The ethylene-unsaturated ester copolymer (A) according to the present embodiment is a polymer obtained by copolymerizing ethylene and at least one of unsaturated ester. As the ethylene/unsaturated ester copolymer (A), a copolymer including ethylene and unsaturated ester can be exemplified.

In addition, the ethylene/unsaturated ester copolymer (A) according to the present embodiment preferably includes at least one polymer selected from an ethylene/vinyl ester copolymer and an ethylene/unsaturated carboxylic acid ester copolymer.

In addition, the ethylene/unsaturated ester copolymer (A) according to the present embodiment may include a polymerizable monomer other than ethylene and unsaturated ester, and olefins such as propylene, butene, and hexane can be exemplified, for example.

As the ethylene/vinyl ester copolymer according to the present embodiment, one or two or more selected from an ethylene/vinyl acetate copolymer, an ethylene/vinyl propionate copolymer, an ethylene/vinyl butyrate copolymer, and an ethylene/vinyl stearate copolymer can be used, for example.

The ethylene/unsaturated carboxylic acid ester copolymer according to the present embodiment is a polymer obtained by copolymerizing ethylene and at least one of unsaturated carboxylic acid ester.

Specifically, a copolymer formed of ethylene and unsaturated carboxylic acid alkyl ester can be exemplified.

Examples of an unsaturated carboxylic acid in unsaturated carboxylic acid ester include acrylic acid, methacrylic acid, 2-ethylacrylic acid, crotonic acid, maleic acid, fumaric acid, itaconic acid, maleic anhydride, fumaric anhydride, itaconic anhydride, monomethyl maleate, monoethyl maleate, and the like.

Among these, the unsaturated carboxylic acid preferably includes at least one selected from acrylic acid and methacrylic acid from a viewpoint of productivity, hygienic properties, and the like of the ethylene/unsaturated ester copolymer (A).
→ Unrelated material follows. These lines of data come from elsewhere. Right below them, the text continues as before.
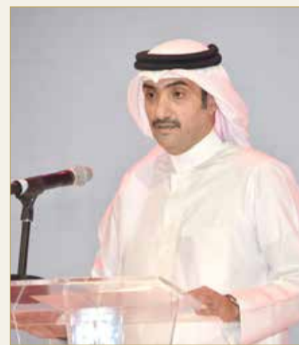
الشيخ عبدالله بن خليفة يلقي كلمته

وتوجيهات الحكومة المؤقتة بقيادة صاحب السمو الملكي الأمير سلمان بن حمد آل خليفة، ولي العهد ورئيس مجلس الوزراء. وعليه، فإن الآن هو الوقت الأفضل لإطلاق هويتنا الجديدة "BEYON Money" في البحرين، ونتطلع لتعزيز نطاق خدماتنا لتصل إلى دول مجلس التعاون الخليجي في الوقت المناسب. واختتم الشيخ عبدالله حديشه بالقول "ستؤدي هوية "BEYON Money" دورًا حيويًا في دعم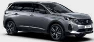
כסוף כהה מטאלי ARTENSE GREY | F4M0

לרשותך עומד מגוון רחב של צבעים שיאפשר לך להביע את עצמך באופן מלא.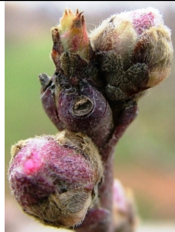
C (αργά) το πρώτο φύλλο προβάλλει ανάμεσα στα λέπια και φαίνεται από πλάγια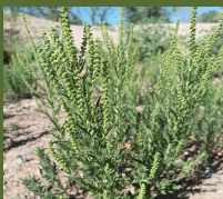
Ambrosia psilostachya DC.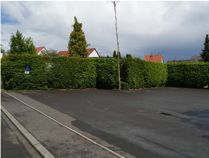
Dorfplatz in Dörrebach (2017)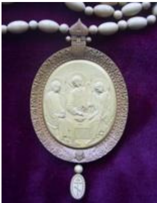
Panagia - Piccola icona Sergei Lagutov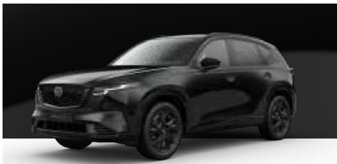
JET BLACK | 850 € 714,29 €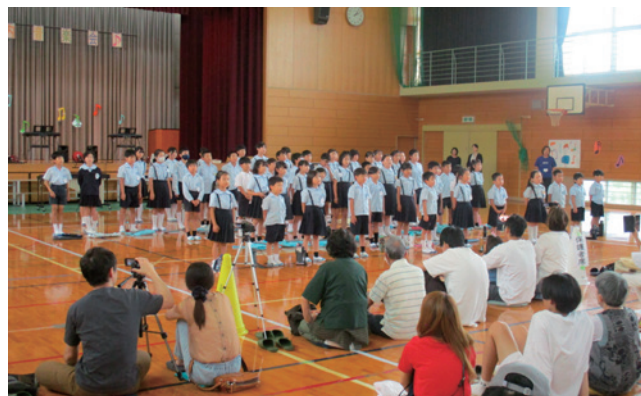
▶ 全学年による校内音楽会の様子

第 2 回…10 月 23 日(水)午前 9 時 30 分～ 10 時 30 分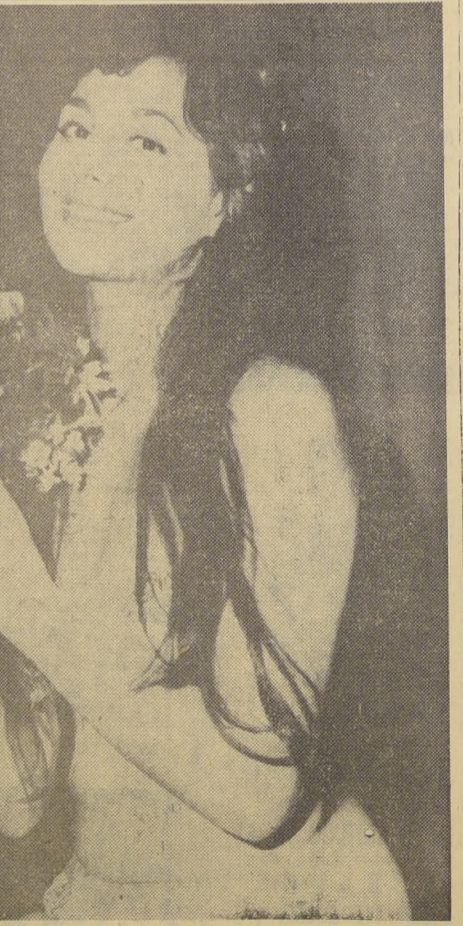
ELECCION DE "MISS FRANCE" EN LYON. — Hace unas noches, en el Palacio de Invierno de Lyon se llevó a efecto la elección de "Miss France"...

LA LUZ más perfecta creada por el hombre es eficiente en sólo 2%, pues el 98% restante se pierde en calor.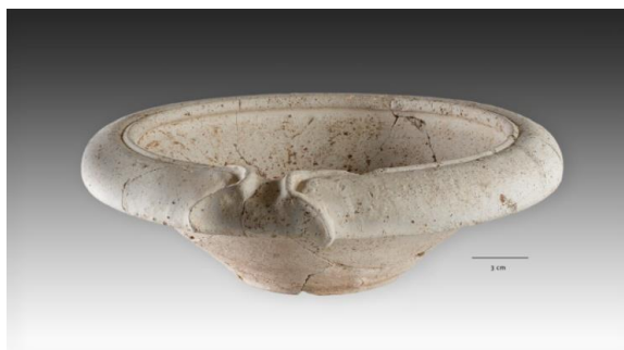
Links: fragment van de binnenkant van een gladwandig mortarium met duidelijk zichtbare gradueel toenemende (van boven naar onder) steenfragmentjes (Kerkhove-Kouter, RAMS00381). Rechts: een typisch voorbeeld van een intact mortarium met gietsluit opgegraven in Bunnik. 1

Vooreerst toch nog eens de definitie van een mortarium of wrijfschaal. Het is een schaal met een gietsluit, waarvan de binnenzijde voorzien is van kleine uit de wand stekende steenfragmentjes. Dit typisch Romeins vaatwerk voor huishoudelijk gebruik was in elke keuken aanwezig en diende om voedsel te vermalen om op die manier papjes, sauzen of pigmenten mee te verkrijgen.

One of these unsaturated carboxylic acids may be used alone, or two or more thereof may be used in combination.

As an alkyl site in unsaturated carboxylic acid alkyl ester, those having 1 to 12 carbon atoms can be exemplified, and further specifically, an alkyl group such as methyl, ethyl, n-propyl, isopropyl, n-butyl, isobutyl, secondary butyl, 2-ethylhexyl, and isooctyl can be exemplified. In the present embodiment, the number of carbon atoms of the alkyl site of alkyl ester is preferably 1 to 8.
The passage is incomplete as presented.